Within the listing below, give again exactly the lines between the one containing "Save the Date" and the one containing "Артикул: Аккумулятор бытовой", inclusive, pictures left aside.

● **Record excerpts**
· · ·
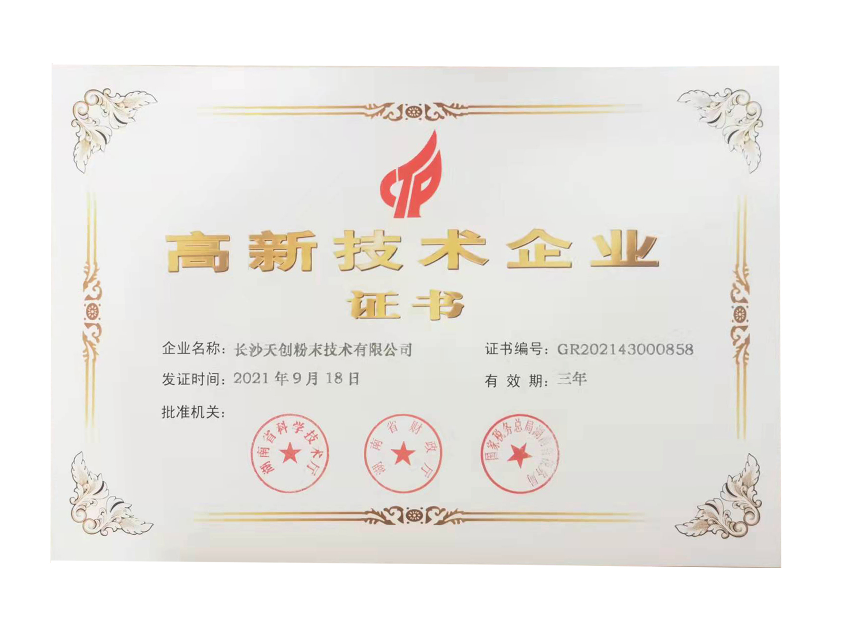 摘要:長沙天創(chuàng)粉末技術(shù)有限公司獲得高新技術(shù)企業(yè)稱號
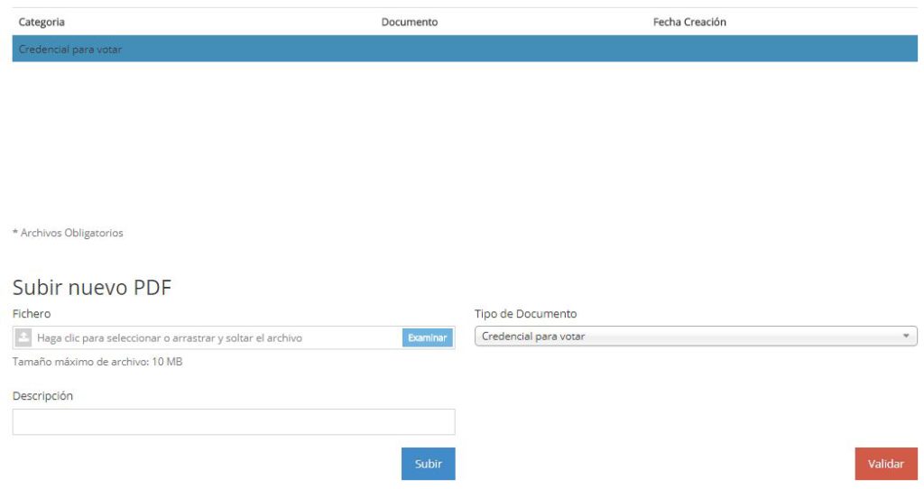 Esta utileria muestra una lista de el o los documentos adjuntos al registro de personas con la finalidad de complementar la información de registro. Esta utilería tiene una sección para subir los archivos y solo se puede adjuntar archivos con extensión PDF.
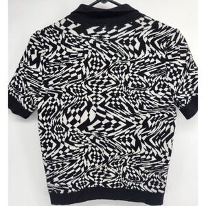 Forever 21 Ivory Black Striped Short Sleeve Collared Sweater Women's Size M
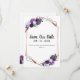 Save the Date Flores Roxas Romântico para o anúncio do seu dia especial. Parte da coleção de casamento roxo. Para personalização avançada, clique no botão "Personalizar" acima. Itens correspondentes disponíveis
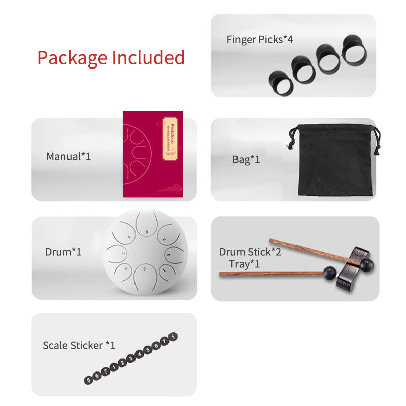 - Paquete: manual*1, pegatina de escala*1, baquetas*2, bandeja*1, bolsa*1, tambor*1, púas para dedos*4
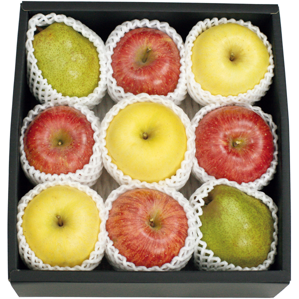 ●内容量:サンふじりんご4個(秀品)、ラ・フランス2個(秀品)、シナノゴールド又ははるか他3個(秀品)、計2.8kg以上
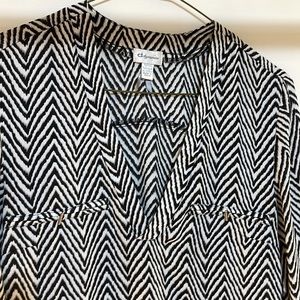 Ladies, black and white blouse, cute little metal pen, kind of buttons V-neck longer at the back and the front beautiful blouse very elegant effortless
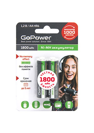 Артикул: Аккумулятор бытовой GoPower HR6 AA BL2 NI-MH 1800mAh (2/20/240)
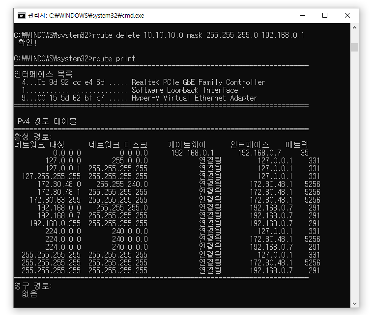 // route delete [네트워크 대상] mask [네트워크 마스크] [게이트웨이] if [인터페이스] [옵션]
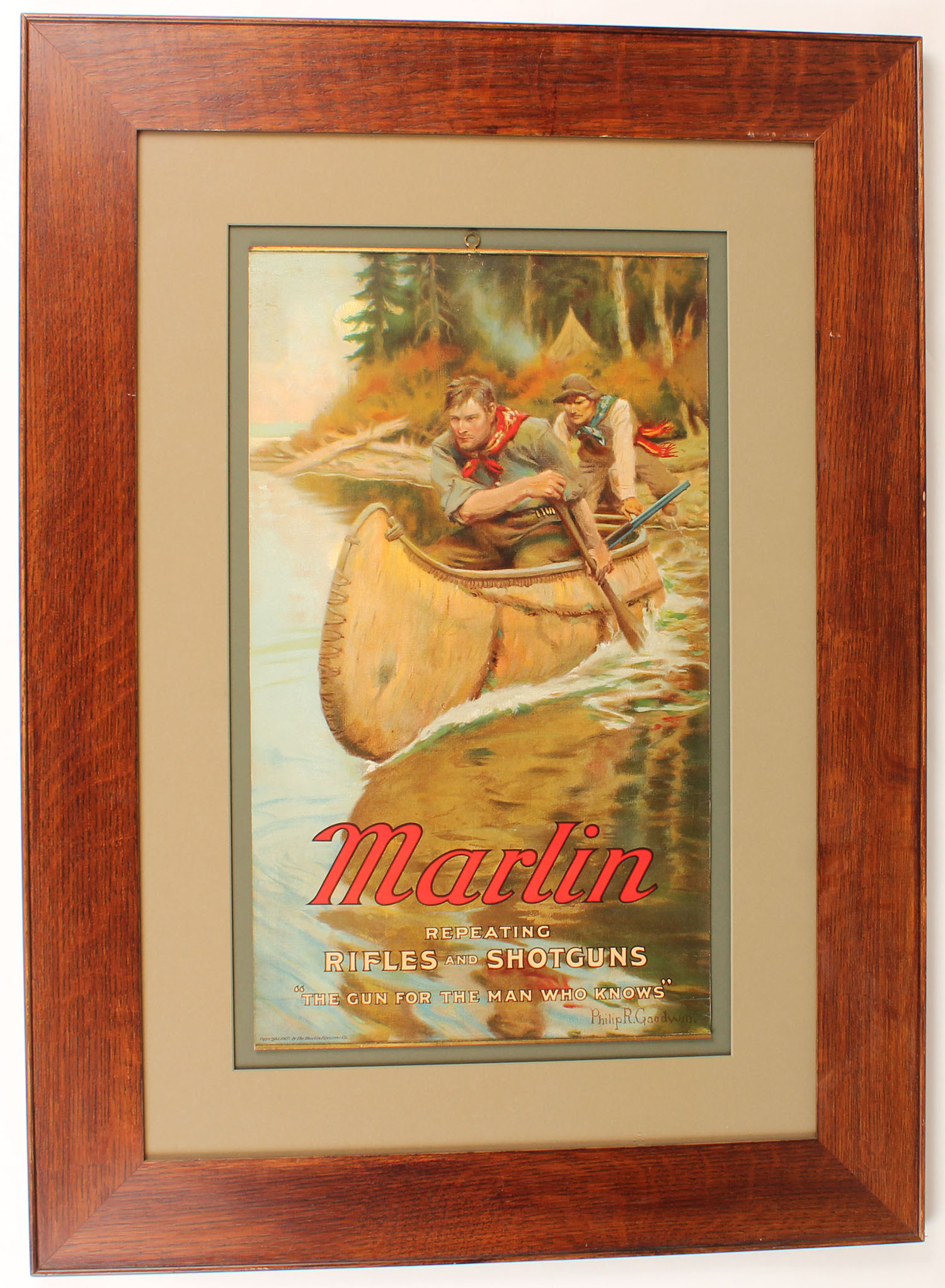 Marlin Firearms Co. Poster, ''REPEATING RIFLES AND SHOTGUNS, THE GUN FOR THE MAN WHO KNOWS'', by Philip R Goodwin, BANDS TOP & BOTTOM, with brass hanger, 14'' x 24 1/8''. Wonderful image of hunters in birch canoe headed across the river from camp. Glued onto a board. Has great color. with no edge wear, framed? HARD TO FIND! Grade: Excellent + - Value: 1000 to 4000
· · ·
● **Result of the task**
 Save the Date Flores Roxas Romântico para o anúncio do seu dia especial. Parte da coleção de casamento roxo. Para personalização avançada, clique no botão "Personalizar" acima. Itens correspondentes disponíveis
 - Paquete: manual*1, pegatina de escala*1, baquetas*2, bandeja*1, bolsa*1, tambor*1, púas para dedos*4
 ●内容量:サンふじりんご4個(秀品)、ラ・フランス2個(秀品)、シナノゴールド又ははるか他3個(秀品)、計2.8kg以上
 Ladies, black and white blouse, cute little metal pen, kind of buttons V-neck longer at the back and the front beautiful blouse very elegant effortless
 Артикул: Аккумулятор бытовой GoPower HR6 AA BL2 NI-MH 1800mAh (2/20/240)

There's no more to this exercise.